Перевожу «Rain»14, пьесу, удивляюсь, почему не брался за нее до сих пор. Очень эффектная, и я даже, переводя, волнуюсь. Градусы у меня устанавливаются все около 37, прыгают как зайцы,– и я опять лежу за переводом, как и во времена «Королей и Капусты». Завтра новый год. Если мое здоровье пойдет так, я не доживу до 1927 года. Но это все равно. Я чувствую не то, что у нас уже 1926‑й, а то, что у нас еще 1926, я смотрю на нас, как на древних, я думаю, что подлинная история человечества начнется лишь с 2000 года, я вижу себя и всех своих современников написанными в какой‑то книге, в историческом романе, из давней‑давней эпохи.

Мой Некрасов сдан в типографию только вчера – т. е. последние листики. Сапир обещал, что 7 янв. начнут печатание . Если так, то 20 янв. книга выйдет. Наконец‑то у меня развяжутся руки. Только бы не заболеть еще сильнее.

Играем с Бобой в угадку слов <…>

 

1 час. ночи. Бессонница. Нарывает мизинец на правой руке. Болит ухо. Болит сердце. Такое чувство, как будто вся кровь у меня выпита.

Получил поздравления от сестры Некрасова и от д‑ра Гэнта, письма от Репина и Грузенберга, никому не ответил, нет сил.

Маруся пишет, что ее Елевферия гонят со службы. Куда же это она денется?

 

4 января (понед.) День каких‑то странных нескладиц. М. Б. дала Бобе отнести деньги к Муриной учительнице – и он доставил не той женщине, а другой.

Коля пишет из Москвы, что Тихонов получил не все рисунки Ре‑Ми, которые я послал ему. А я послал все!

Звонят из «Кубуча», что типография получила не все листы моей корректуры Некрасова, а я послал все!

 

11 января, понедельник. Вчера было у меня заседание Секции детских писателей при Союзе писателей. М. А. Бекетова, С. Маршак – вздор, курение, усталость и никчемные разговоры. Маршак рассказал интересную вещь о своем сыне, которому, кажется, 9 лет. Сын учился музыке – и по своей инициативе отказал учительнице музыки:

– Больше вы ко мне не ходите. Музыка праздное занятие для безработных.

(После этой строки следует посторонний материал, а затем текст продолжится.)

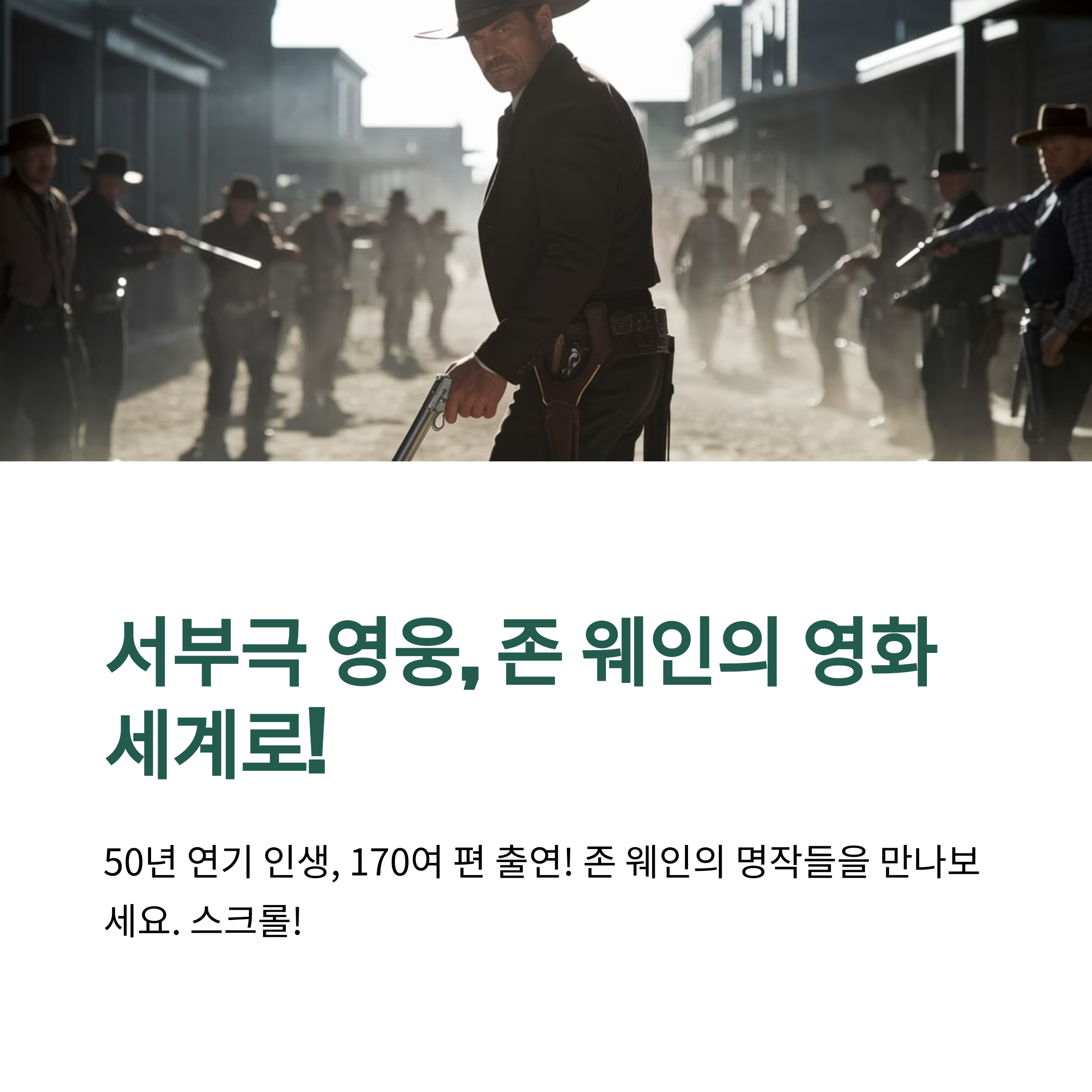 서부극 하면 떠오르는 배우, 그리고 헐리우드 황금기의 대표적인 아이콘 중 한 명을 꼽으라면 단연 "존 웨인(John Wayne, 1907~1979)"이다.
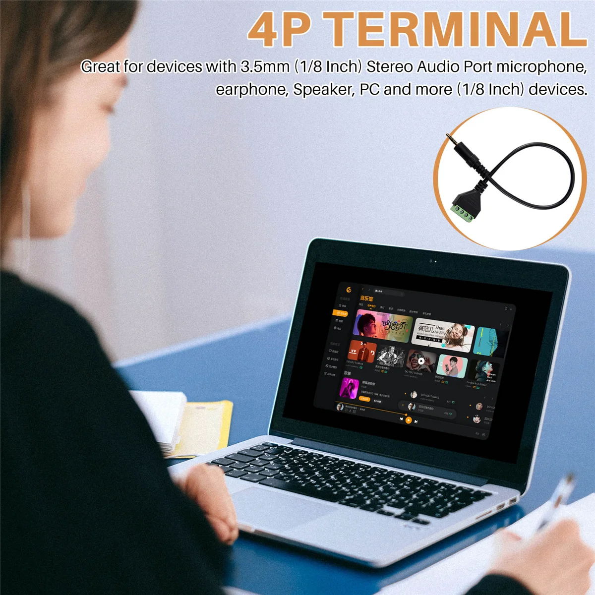 4. El cable del altavoz al cable adaptador de 3,5mm no requiere soldadura, es fácil de usar, solo requiere un destornillador y un Pelacables para terminar los cables de audio estéreo TRRS de 3,5mm (1/8 pulgadas), ahorra tiempo y molestias a los instaladores.
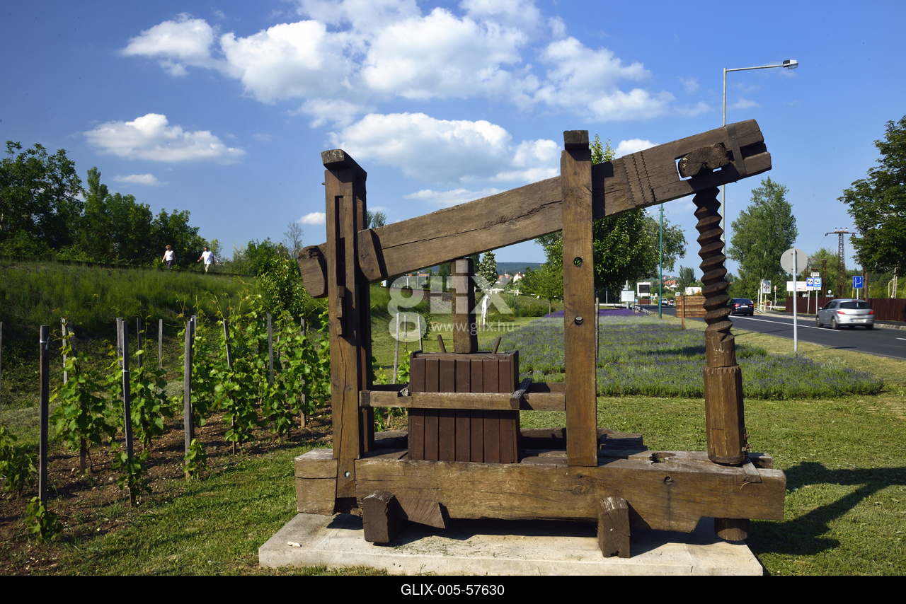 Virágzó levendula és régi szőlőprés Alsóörsön.

11‑месячный младенец (другой сын Маршака) тянется к нему, чуть увидит его, и вообще отца обожает. Но в последнее время он усвоил манеру – шутить и кокетничать с ним, то есть играть в перверзию. Он делает вид, что ему отец противен, что он не хочет к отцу, т. е. делает установку на противоположное чувство.

 

Ночь на 13‑е янв. Выбираю себе псевдоним. Хорошо бы П. И. Столетов (т. е. Пистолетов). Барабанов, Пупырников, Ляпунов. <...>

 

24 января, воскресение. Эта среда была для меня днем катастроф. Все беды обрушились на меня сразу. Дело было так: 25 января «Красная» решила начать печатанием мой роман. Для этого я должен был написать предисловие. Я написал – очень газетное, очень нервное, и так как я уже 8 лет не писал фельетонов – меня эта работа взбудоражила. Я принес мой фельетон Ионе Кугелю. Он нашел некоторые места нецензурными: насмешка над молодыми пролетарск. поэтами, порнография (в цитате из Достоевского!! «Краса красот сломала член») Словом, канителился я с этим фельетоном дней пять. Сказали, что 20‑го пойдет. Звоню 20‑го утром. Иона говорит: «Не до вашего фельетона! Тут вся газета шатается!» Я конечно сейчас же – в «Красную». Иона взволнован, не спал ночь. Оказывается, в Ленингр. бумажный кризис. Нет ролевой газетной бумаги. Образовалась особая комиссия по сокращению бумажных расходов – и эта комиссия, вначале решившая закрыть одну из вечерних газет, теперь остановилась на том, чтобы предоставить каждой газете не шесть и не восемь страниц, а четыре! Вследствие этого для моего романа нет места! Роман отлагается на неопределенное время.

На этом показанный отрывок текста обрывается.